After leaving the US Army as a sergeant in the mid-1950s and using his Veterans Administration educational benefits to pay for flight lessons, Stenger received his commercial pilot's license and later started the company. In 1968, after Northeast Airlines began its merger with Delta Air Lines, the new organization applied to the Civil Aeronautics Board to discontinue service on the Boston to Rockland route. The Northeast-Delta's executives began searching for a company to sponsor as a replacement carrier. Stenger's operation, which already had an air-taxi certificate from the FAA under Part 135 of the Federal Air Regulations, applied for the route as a scheduled air-taxi carrier and subsequently qualified as a Part 135 commuter airline.

In 1980, Stenger sold the Boston to Rockland route to Bar Harbor Airlines, but continued the air-taxi service.

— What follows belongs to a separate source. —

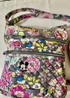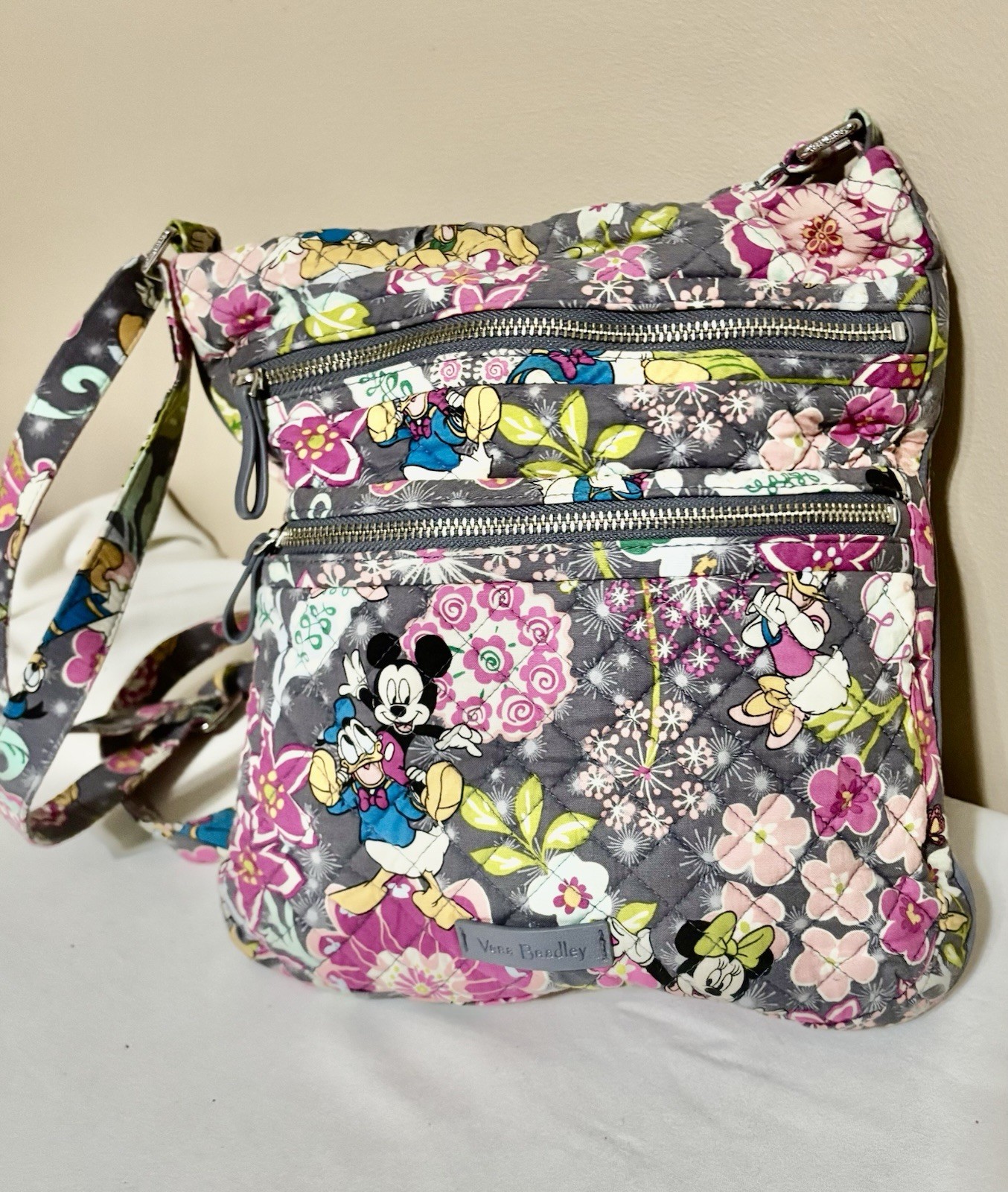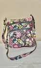 The Vera Bradley Disney Triple Zip Hipster Crossbody Bag in Grey and Pink is a stylish and practical accessory for women. Made of cotton with a quilted finish, this medium-sized bag features a floral pattern and silver hardware accents. The crossbody strap in multicolor adds a fun touch, while the zip closure ensures your belongings are secure. Perfect for carrying your essentials while on-the-go, this bag is sure to make a statement with its vibrant colors and playful design.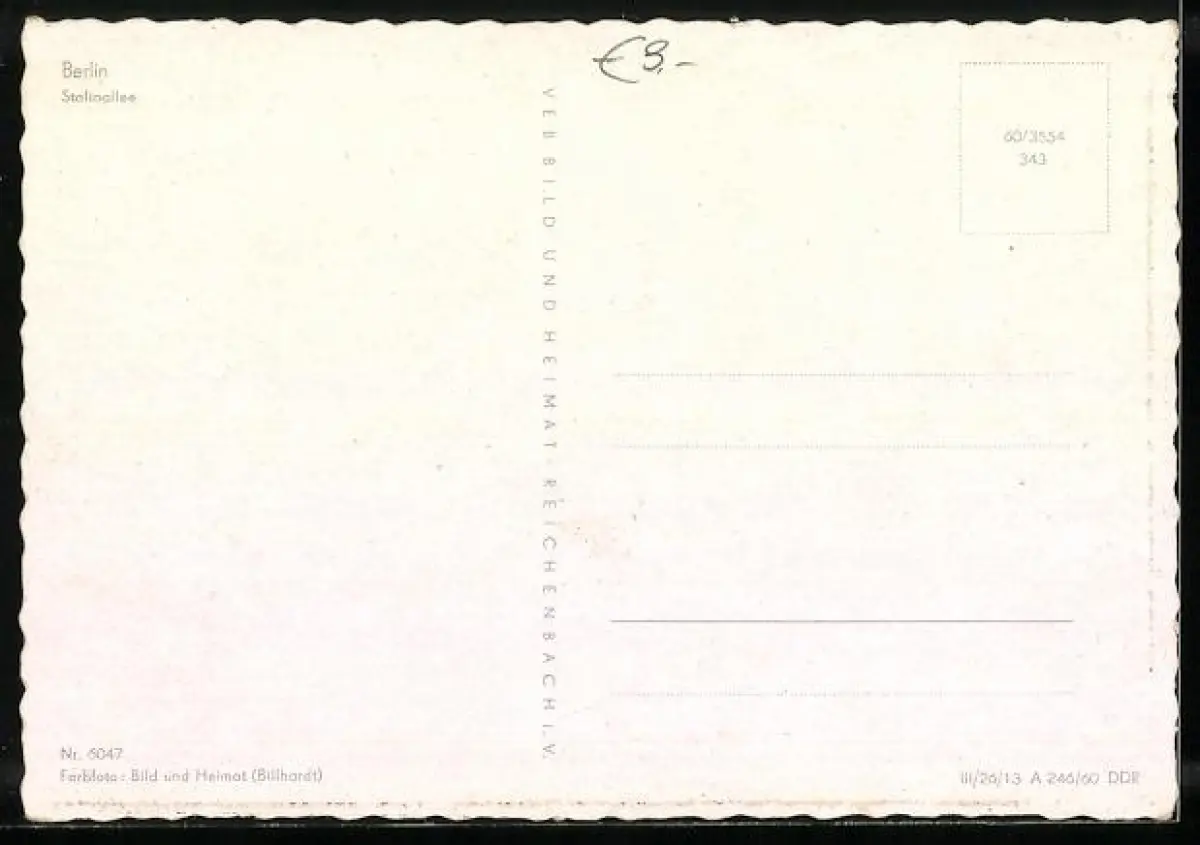 Personenbezogene Daten auf der Rückseite der Karte wurden durch blauen Textmarker unkenntlich gemacht. Die blauen Stellen sind auf die Vorderseite durchgeweicht und wirken sich negativ auf das Postkartenfoto aus

The business grew into having a terminal area, separate office, crew lounge, rental-car counter and hangar, with an aviation fuel farm and two additional hangars. It remained family owned and operated through June 1, 2007 when it was acquired by Rockland Airport Partners (RAP), LLC (a division of Jordache Enterprises, doing business as Maine Atlantic Aviation (MAA).

==Flight 46 accident==

In 1978, Downeast purchased a de Havilland Canada DHC-6-200 Twin Otter (N68DE) STOL capable turboprop from Air Illinois. Up until that time, Downeast had only operated Piper Aztec and Piper Navajo light twins and one Cessna 182 single engine.

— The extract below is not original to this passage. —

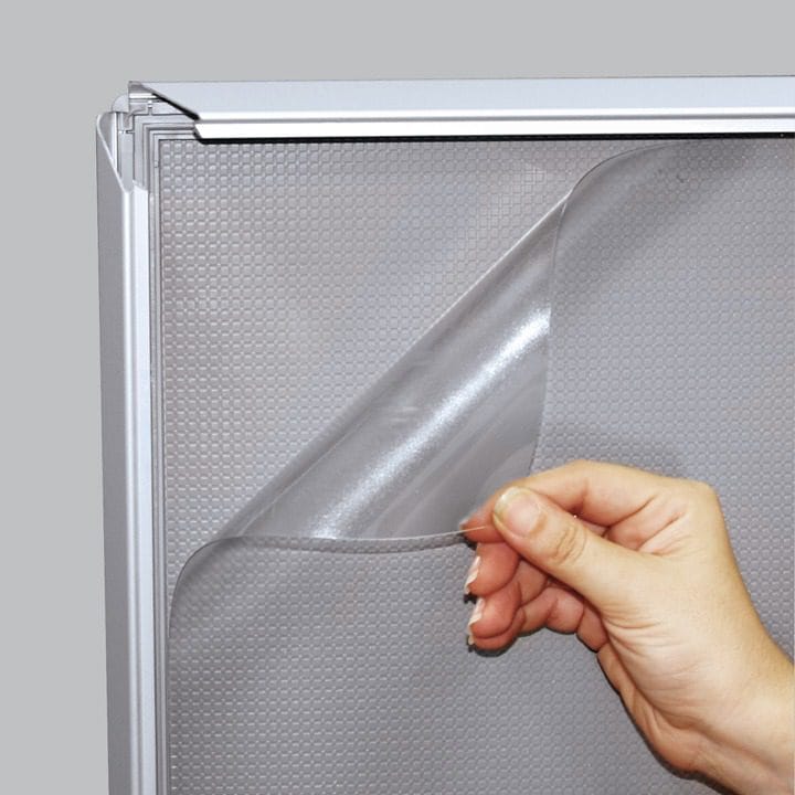 Der Rahmen ist mit einer speziellen Anti-Reflex PET Schutzfolie ausgestattet, die störende Reflexionen minimiert und die Lesbarkeit Ihrer Poster verbessert. Ihre Botschaften bleiben somit klar und gut sichtbar für Ihre Zielgruppe.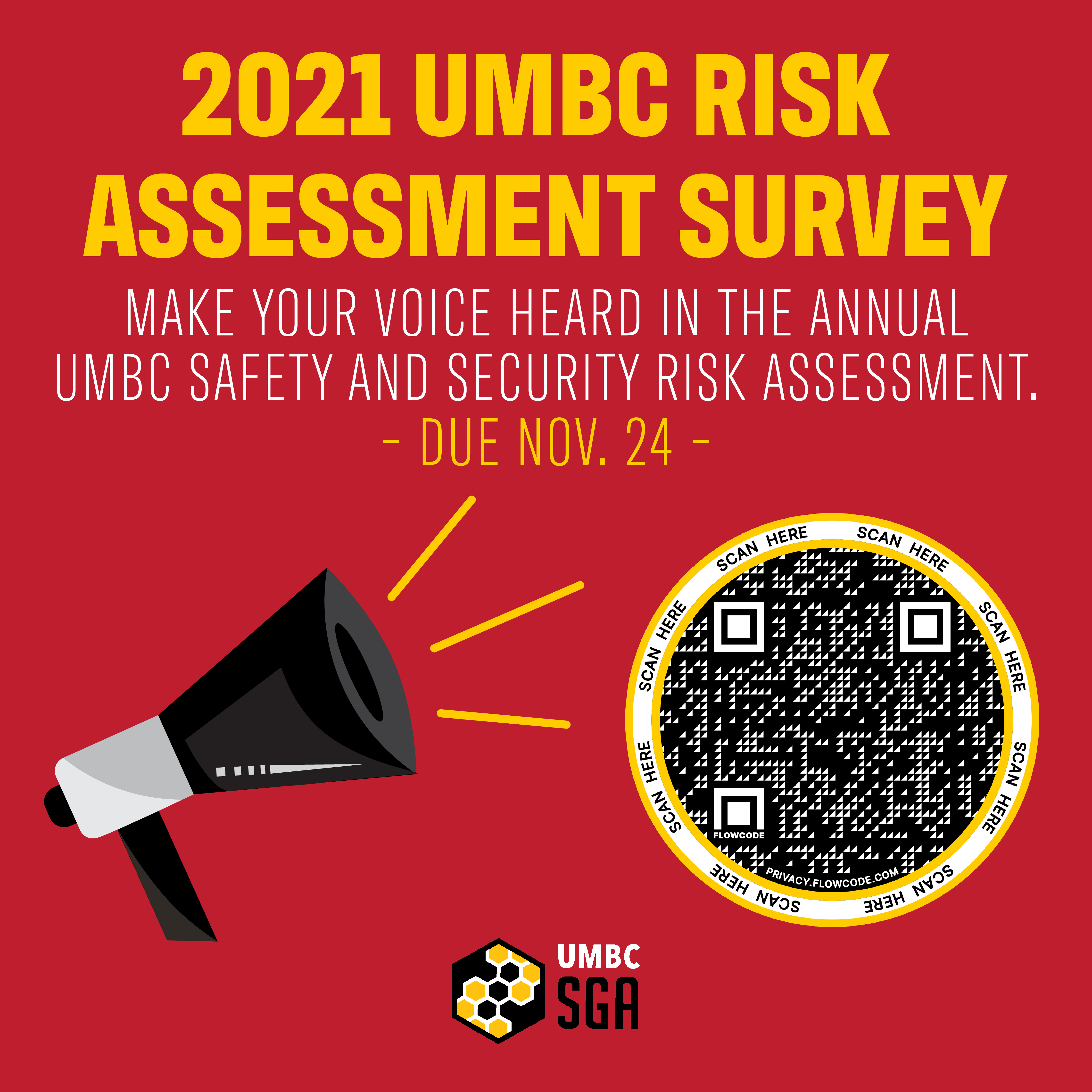 Please complete this online survey to help support the work of the UMBC Police Department and the Division of Student Affairs as they collect student opinions on the first-ever UMBC Community Risk Survey. Findings from this survey will be used to inform training for UMBC's community and plans for handling emergencies as they arise.

On May 30, 1979, Downeast Airlines Flight 46 that originated in Boston crashed into a heavily wooded area about 1.2 miles south-southwest of the Knox county Regional Airport in Rockland. Of the 16 passengers and two crewmembers aboard, only one passenger survived the accident. The aircraft was destroyed. The sole survivor broke one of his legs and arms.

Up until this time, the National Transportation Safety Board (NTSB) would review airline crashes with their "Go Team" for a short time performing analysis and interviews and then write their report; but while the team was gathering information about the accident, the management practices at the company were questioned. Subsequently, this was the first time that the NTSB took someone off of the team after the normal review period and had them stay behind and work full-time for the first human-performance investigation rather than just a human-factor investigation.

According to the NTSB Aircraft Accident Report:
 ... the probable cause of the accident was the failure of the flightcrew to arrest the aircraft's descent at the minimum descent altitude for the nonprecision approach, without the runway environment in sight, for unknown reasons. Although the Safety Board was unable to determine conclusively the reason(s) for the flightcrew's deviation from standard instrument approach procedures, it is believed that inordinate management pressures, the first officer's marginal instrument proficiency, the captain's inadequate supervision of the flight, inadequate crew training and procedures, and the captain's chronic fatigue were all factors in the accident.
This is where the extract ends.